This small book may give you some ideas:
http://www.introducingbooks.com/book/view/infinity-a-graphic-guide
The question was how to introduce the idea of infinity. Obviously, the audience are young learners. Therefore the system of introduction must be plain and simple as far as possible. The students may be told to draw the graph of y = 1/x, the rectangular hyperbola. After plotting a few points, they would realize that as x approaches zero, for positive x, y approaches infinity, and that for negative x, y approaches minus infinity.
I usually introduce it by reminding people that young children can't count very far, but even if a child can't count past 10, they can still tell if a pile of 20 letters is the "same size" as a pile of 20 envelopes, because all they have to do is put one letter in each envelope and check that nothing's left over. I then suggest that "counting to infinity" is no different - even as adults, we don't really know how to count very far, and we call things we can't count "infinite" - but this doesn't stop us knowing when two different infinite collections are the same size. This leads easily to the idea of 1-1 correspondences, and then I do the standard example of the reals not being countable. Seems to work!
Use the pigeonhole principle: if n pigeons are put in m pigeonholes, the unique possibility to have at most one pigeon in one pigeonhole is when m is greater or equal than n, but this is not the case for infinite sets. Notice that when n equals m this gives rise to a one-to-one correspondence. But in infinite sets, this is not necessary. You can map naturals in even naturals: n -- 2 n having an injective but not surjective correspondence.
Mathematically strict approach to the definition of infinity you can find, for example, in the book:
Kenneth KUNEN. "SET THEORY": AMSTERDAM - LONDON - NEW YORK -TOKYO (1992)
see page 19 (the definition of the set of natural numbers and axiom of existence of this set) and page 28 (definition 10.8 of infinite sets).
Ismat,
For example you have one point (.) there is infinite position to view them, you can watch them to near, far, behind and from any location because this is exit there but you can see them from the different locations. if your position is fixed and move the point. then point is exist. and point have infinite location.
other example for example number cannot exist in the world. then what is infinity, there is only 3 things absence, presence and many , but how can you define many. a things you are unable to count them, calculate them. is infinite.
The following book may be a good reference for that:
Roads to infinity, By John Stillwell
Since infinity is such a vast and intimidating topic, we prefer to begin by closely looking at the familiar ideas of numbers and counting. We want to count infinite collections, but we don't know how to count that high. Thus we seek different ways to count collections of ordinary objects in the hope that one method might work for infinite collections as well.
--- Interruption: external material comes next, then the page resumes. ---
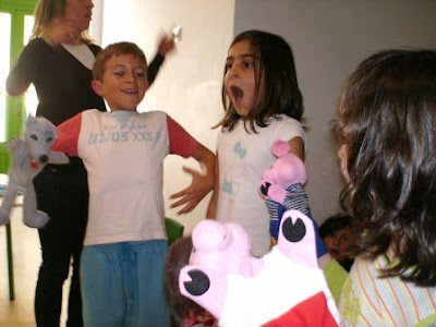 No dia em que os amigos da sala 6 apresentaram o seu conto, sobre a lenda da sopa da pedra de Almeirim, aconteceu uma coisa inesperada: o Folhas soltou um bichinho invisível, mas muito insidioso, que... bem, não sabemos ao certo como actuou, mas a verdade é que num ápice, as professoras que acompanhavam as turmas dessa sessão estavam todas sentadas no chão, prontinhas para uma sessão extraordinária da história O Caldo de Pedra.

The fundamental idea in the study of infinity is that two collections have the same size if there is one-to-one correspondence between the members of one collection and the member of the other collection.
Qefsere's answer shifts the question to infinite sets. Cardinals of infinity sets are infinite number: alef-zero, c, ...An infinite set has the remarkable property that she remembers to us; for instance, there is a bijection (one to one correspondencee) between even numbers and natural numbers although the set of even numbers is properly included in the set of natural numbers. I respect every point of view, but I prefer the amazing simplicity of Ismat question, related to the idea of infinity; in set heory "there exists an infinite ser" is an axiom!
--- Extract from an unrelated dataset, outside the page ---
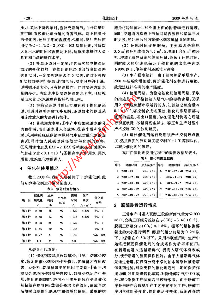 第4期王成夏等合成氨聯(lián)產(chǎn)甲醇生產(chǎn) 運(yùn)行總結(jié)●27●化劑床層溫度以及調(diào)整各塔生產(chǎn)負(fù)荷。加熱器控制升溫速率( <30 C/h)。當(dāng)催化劑熱點(diǎn)(2)可根據(jù)雙塔催化劑的使用時(shí)間,及時(shí)調(diào)節(jié)溫度達(dá)到70 C后升溫速率降至<5 C/h。溫度達(dá)合成塔在串并聯(lián)生產(chǎn)中的位序;并可根據(jù)各塔催化到80C以后,因有少量反應(yīng)熱放出,應(yīng)放慢升溫速劑活性的強(qiáng)弱,及時(shí)提高催化劑床層的熱點(diǎn)溫度率,并試放水。此時(shí)操作上以催化劑床層溫差為主(≤5C/次),始終保持催化劑活性控制在最佳反要控制依據(jù),即床層頂部與底部溫差控制在8C之應(yīng)區(qū)域提高CO和CO2轉(zhuǎn)化率。內(nèi)。如果加電后溫度達(dá)到8 C,應(yīng)降電恒溫操作,(3)串聯(lián)使用時(shí),可適當(dāng)加大前塔新鮮氣的補(bǔ)當(dāng)恒溫到頂部與底部渴差又降至5 C以下時(shí),再加人量,可在滿足合成塔技術(shù)指標(biāo)的范圍以內(nèi)多開(kāi)循電進(jìn)行升溫。環(huán)機(jī),增加生產(chǎn)負(fù)荷,以產(chǎn)醇為主。后塔可以通過(guò)(2)還原初期。當(dāng)溫度達(dá)到90 C以后,應(yīng)重點(diǎn)少量補(bǔ)充新鮮氣氣量,不開(kāi)循環(huán)機(jī),以方便熱點(diǎn)操注意每次提溫后溫差的變化情況,只要能夠?qū)⒋呋鳛橹鳌Mㄟ^(guò)減少后塔生產(chǎn)負(fù)荷,達(dá)到控制醇后氣劑床層的頂部與底部溫差控制在8C以內(nèi),并經(jīng)過(guò)成分的目的,提高甲醇轉(zhuǎn)化率。操作中控制醇后氣恒溫后又縮小到5 C以下,可繼續(xù)提溫操作。在這一CO和CO2體積分?jǐn)?shù)在≤0.5%以下。若采用上述組時(shí)期操作上不宜以出水量的多少?zèng)Q定是否提溫,而應(yīng)合方法,醇后氣仍然超過(guò)標(biāo)準(zhǔn),則要考慮更換催化劑。以催化劑床層溫度的變化來(lái)判斷是否提溫或恒溫。(4)醇氨比的調(diào)整范圍大,可以根據(jù)產(chǎn)品市場(chǎng)(3)還原主期。當(dāng)溫度在105 ~ 130 C之間時(shí),情況任意調(diào)整醇氨比負(fù)荷。在甲醇市場(chǎng)利潤(rùn)較大應(yīng)重點(diǎn)關(guān)注催化劑床層頂部與底部的溫差以及系的情況下,可以采用并聯(lián)雙塔進(jìn)行生產(chǎn),雙塔各自統(tǒng)壓力、循環(huán)氫含量、水汽濃度和出水量的變化。配備循環(huán)機(jī),增加入塔循環(huán)氣體,使反應(yīng)不完全的由于均溫型合成塔及銅基催化劑的特性,決定了銅基催化劑在還原過(guò)程中將會(huì)產(chǎn)生出水量集中、出水氣體再次得到利用,提高甲醇產(chǎn)量。(5)雙塔工藝生產(chǎn)調(diào)整后,一塔更換催化劑,放熱量多的問(wèn)題。此時(shí)期是催化劑還原的關(guān)鍵時(shí)期,溫升速率應(yīng)控制在<2 C/h。如果加電提溫后另-塔仍可維持正常生產(chǎn)。(6)雙塔工藝生產(chǎn)的缺點(diǎn)是操作過(guò)程中雙塔進(jìn)行降電恒溫操作時(shí),溫度沒(méi)有按照前期溫度的運(yùn)溫度的操作相互制約,相互影響。行曲線的規(guī)律停止在預(yù)期的溫度上,而又有繼續(xù)上升的趨勢(shì),同時(shí)系統(tǒng)壓力下降、氫比降低,此時(shí)不管3催化劑升溫還原醇分能否放出還原水,都應(yīng)果斷及時(shí)地進(jìn)行大幅度撤電操作,利用降低電爐負(fù)荷、減少電爐發(fā)熱量來(lái)3.1 方案降低催化劑層的溫度。此時(shí)利用催化劑還原放出催化劑升溫還原方案見(jiàn)表2。的熱量來(lái)維持催化劑床層的熱量平衡,控制溫度進(jìn)表2催化劑升溫還原方案行恒溫出水操作,必要時(shí)可開(kāi)冷副線調(diào)節(jié)塔溫。時(shí)間催化劑升溫系統(tǒng)出水出塔水(4)還原后期。由于此階段大量出水期已過(guò),階段重展床層溫速率壓力速率汽濃度不會(huì)有溫度突然上升的情況發(fā)生,可繼續(xù)按照控制催際計(jì)度/C /心 ●h-' /MPa /hg.h- /g.m-3化劑床層溫差的辦法進(jìn)行操作。但應(yīng)注意, 160~升溫22室溫~70 305.0180 C附近仍有出水量稍大的現(xiàn)象。為了使還原完5 7 70-9050全徹底,底部溫度應(yīng)提升至235 9C恒溫,實(shí)際出水量還原初期7 14 90~105 22.5達(dá)到理論出水量的90%以上。當(dāng)頂部與底部溫差控中期25 39 105-13080制在6 ~8 C ,出水量低于10 kg/h,且水汽濃度小于后期27 66 130-235 53.00.1 g/m2時(shí),再恒溫1 h左右,確認(rèn)還原結(jié)束。恒溫2682310.5(5)換氣階段。換氣過(guò)程中因壓力提高較快、2 70 ~20氣體組分變化大,極易引起溫度失控,造成超溫垮注:空速為3 000 h-' ,氫含量體積分?jǐn)?shù)為70%。溫。因此,換氣過(guò)程必須緩慢而有準(zhǔn)備地進(jìn)行。當(dāng)3.2 過(guò)程出現(xiàn)溫度控制不住時(shí),則應(yīng)立即恢復(fù)原狀,待工況通過(guò)專用管線導(dǎo)人精煉氣,系統(tǒng)補(bǔ)壓至5.0穩(wěn)定后再進(jìn)行換氣。我廠在換氣時(shí),事先通知變換MPa,開(kāi)1臺(tái)4.7 m'/min和1臺(tái)5.0 m'/min循環(huán)工序降低CO含量至1.5%左右,經(jīng)前塔反應(yīng)后,醇后機(jī),循環(huán)量全部加足進(jìn)行升溫還原。整個(gè)過(guò)程可分氣CO含量低于0.8% ,該工況下?lián)Q氣操作較為順利。為升溫、還原恒溫和換氣4個(gè)階段。33 注意事項(xiàng).(1)升溫階段。此階段主要以升溫為主,由電(1)在還原主期發(fā)現(xiàn)熱點(diǎn)變化且同時(shí)有系統(tǒng)●28●化肥設(sh

Along the years, the concept of the infinite was target of a fervent discussion. Since Ancient Greece, Men have tried to come up with a definition for that concept. Demócrito, Zenão, Aristóteles, Arquimedes, Galilei, Bolzano, Dedekind, Cantor, Weierstrass, Poincaré, Hilbert, Borel, Russel, Robinson... these are just a few of the mathematicians that have dedicated themselves to this topic. The history of the infinite as a mathematical entity is long and controversial. The infinite was always associated to several paradoxes situations. Slowly, some of those paradoxes were eliminated, but nevertheless it remains as a very subjective and complex subject.
We can introduce the idea through history.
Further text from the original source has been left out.